The Hidden Valley


The cable car doors opened and a throng of skiers marched confidently off into the thick grey cloud, disappearing from sight in seconds. Instant panic set in, thoughts swirling, drumming an increasingly loud rhythm in my head, crescendoing rapidly to a deafening thud.

I tentatively followed the disappearing line of skiers sure that I had over faced myself. Deep breath and I was off, instantly panicking, falling over and sliding down the hillside. Great. Maybe I could slide down on my derriere all the way. Telling myself not to be stupid I stood up and set off again ready to enjoy it for the adventure it was.

We were skiing the Hidden Valley in the Dolomites. Sold as one of the best ski runs in the world, at the top of the highest unsupported cable car in Europe, with the added advantage of only being accessible with transport at each end and a narrow windy mountain road to get there means that it is not accessed by huge numbers of people.

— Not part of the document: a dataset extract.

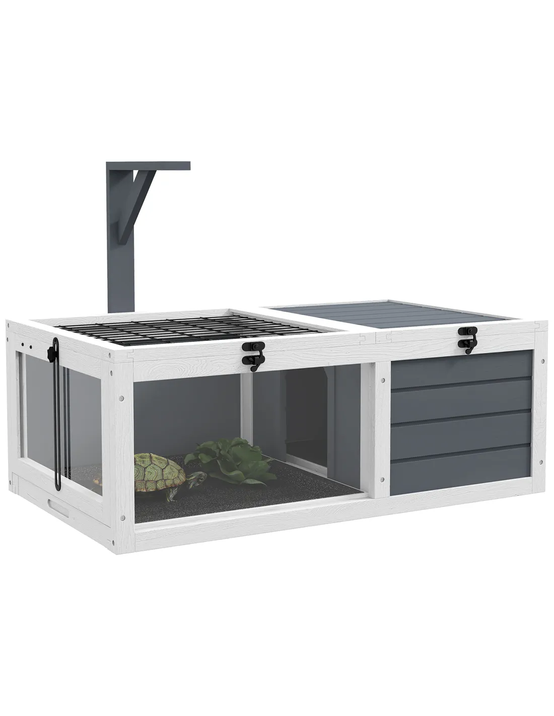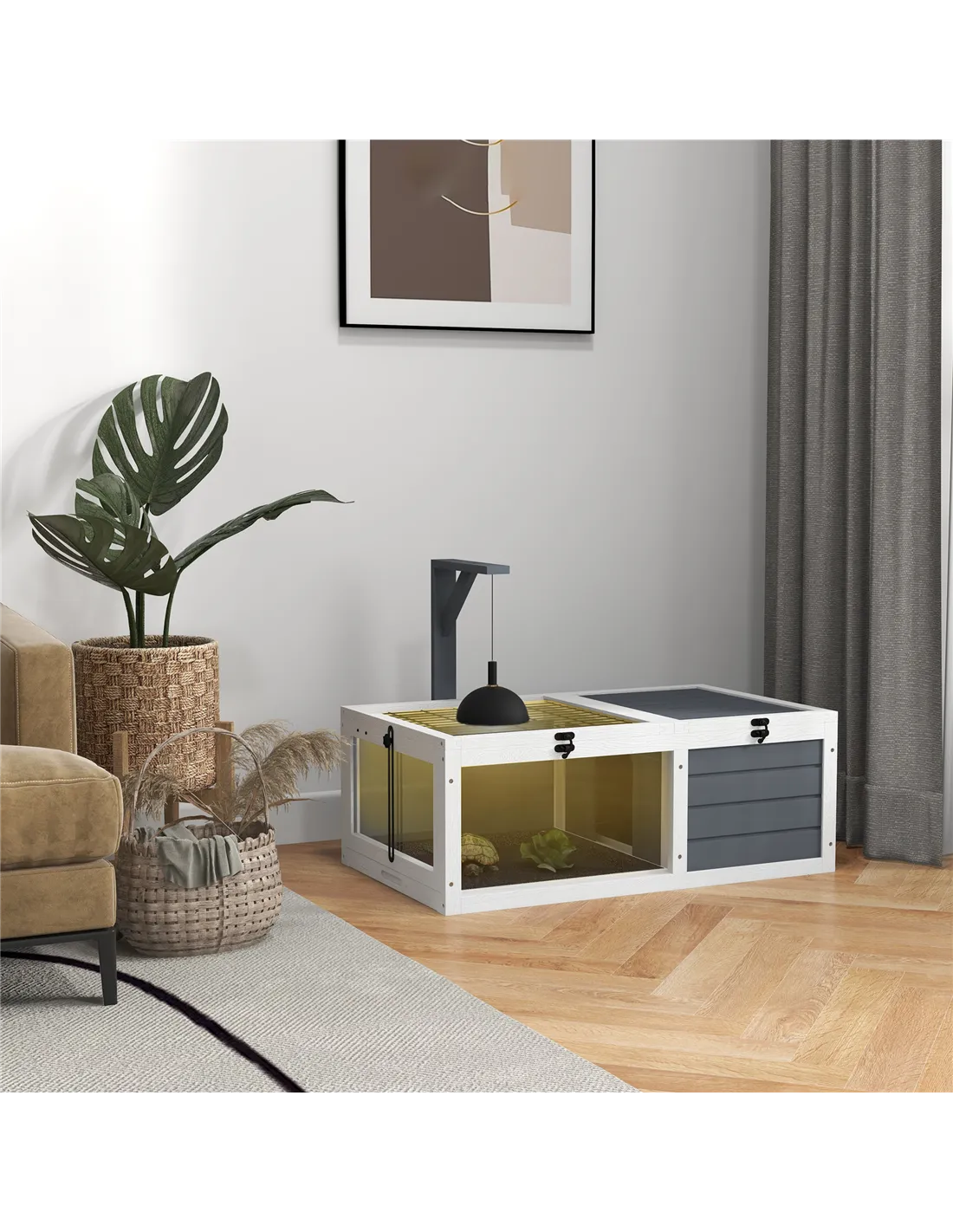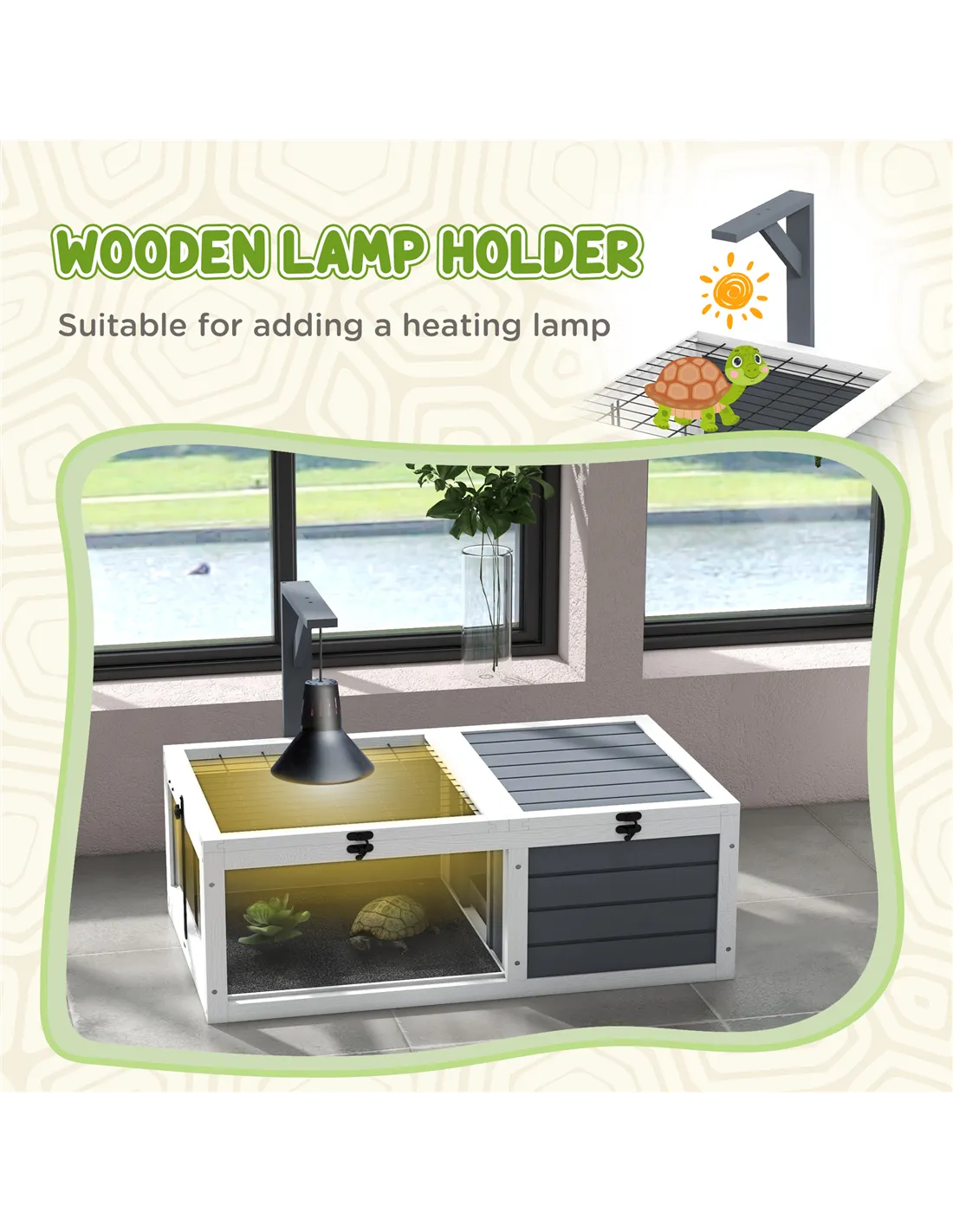Introducing the PawHut two-room tortoise house – a wonderful habitat for reptiles. With a roomy living space and an expansive run area, it's great for roaming and basking. Achieve the right temperature with the wooden lamp holder. Cleaning is a breeze, thanks to the double pull-out tray and openable lids, simplifying pet care. Elevate your pet's lifestyle with this delightful home, designed to foster their well-being, allowing them to thrive.

Feeling more confident I began to enjoy skiing despite still only being able to see five metres in front, when suddenly the run doubled back on itself and I nearly went over a rocky outcrop into the mist below.

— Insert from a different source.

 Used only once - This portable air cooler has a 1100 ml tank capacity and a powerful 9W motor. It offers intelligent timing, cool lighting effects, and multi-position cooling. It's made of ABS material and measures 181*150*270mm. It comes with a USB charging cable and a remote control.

Five more long minutes of intense concentration, then slowly the cloud began to thin, first revealing a wide ski run, then the valley ahead. Looking down a winding gorge, a step sided white vista, the only sound the skiís cutting through the snow. Behind us, the top of the valley still wearing its shroud of black.

A few more turns revealed a frozen waterfall, high and wide with turquoise blue ribbons running through its glistening icy stalactites. Suddenly a shaft of sunlight, breaking through, hitting the mountain tops and highlighting the rose quartzite jagged summits.

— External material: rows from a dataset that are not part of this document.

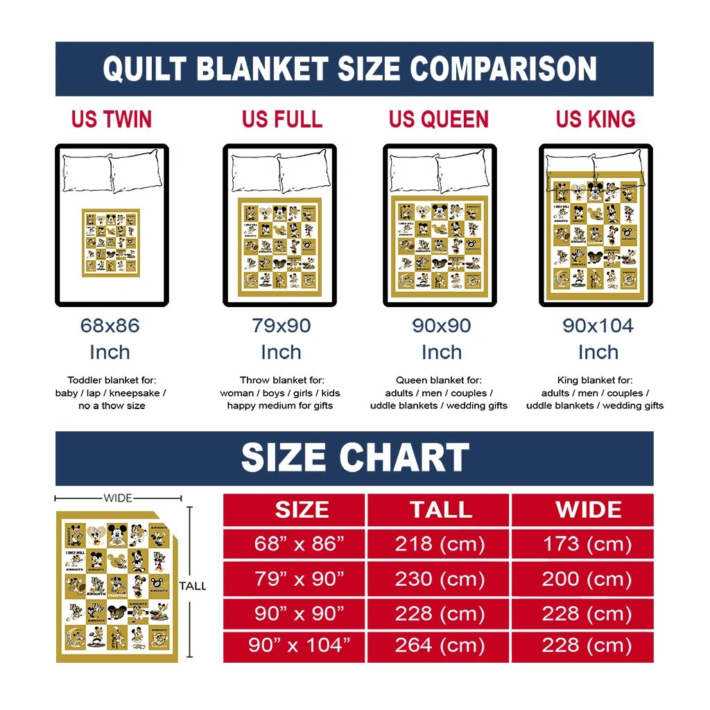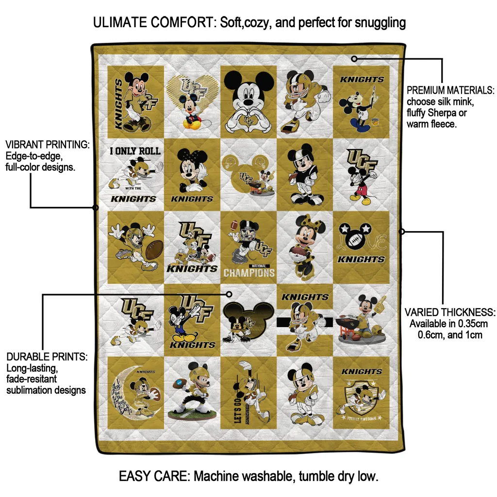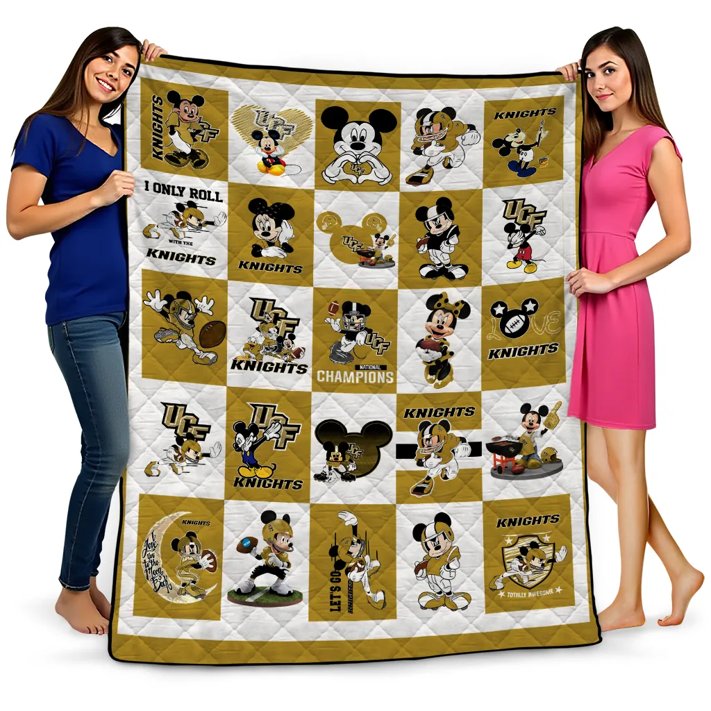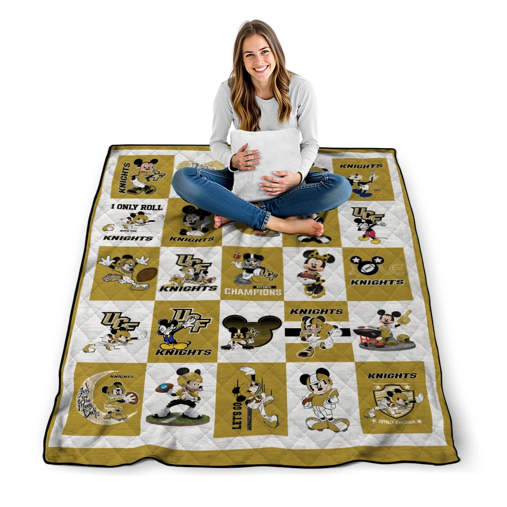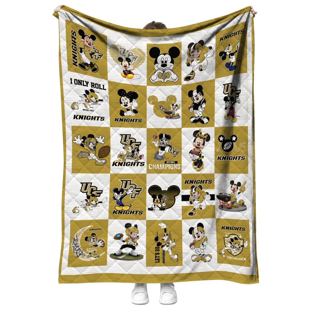 Wrap yourself in warmth and pride with the UCF Knights Mickey Mouse Motif Gold White Quilt Blanket from the UCF Knights Blankets collection at Yes That Blanket. Made from 100% premium quilting-weight polyester blended with a touch of microfiber, this quilt offers a smooth, soft finish you’ll love. Choose between two quilting styles—Stipple or Diagonal—and enjoy the comfort of a cotton-filled layer inside that adds extra coziness for every season. The border is available in classic black or white, giving your design a clean, timeless edge.
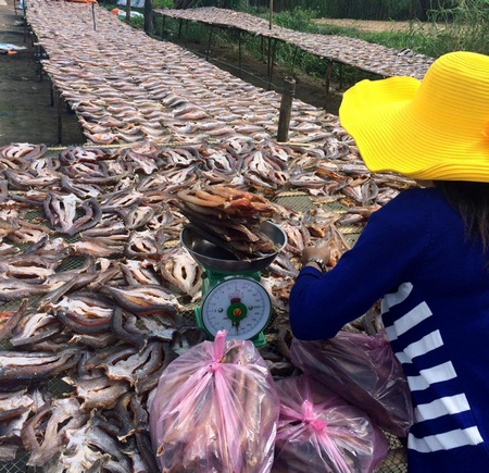Khô chủ yếu được làm thủ công phơi dưới ánh nắng mặt trời nên con khô giữ được mùi vị thơm ngon. Khách du lịch đến đây thường mua vài ký về làm quà cho người thân, bạn bè.
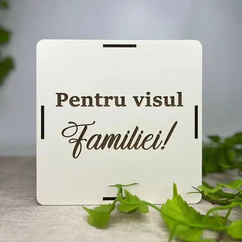 - Design: Formă modernă și atrăgătoare, cu mesajul „Pentru Visul Familiei” gravat sau imprimat.

The run went steeply down from the waterfall allowing a moment of pure blissful speed and a triumphant glide down a gentle drag to an unusual finish to the peaceful run. Two horses harnessed to a length of rope awaited, for skiers to hold on to and be pulled along the flat finish to the village.

It was a wobbly ending with an abrupt stop, colliding and knocking over the group of skiers. Lying on the floor in a pile of bodies looking up at the mountain vista, and the pure white snow, droplets falling from the trees, sudden infectious laughter struck.

I had skied this magnificent secret valley and it was a fabulous feeling.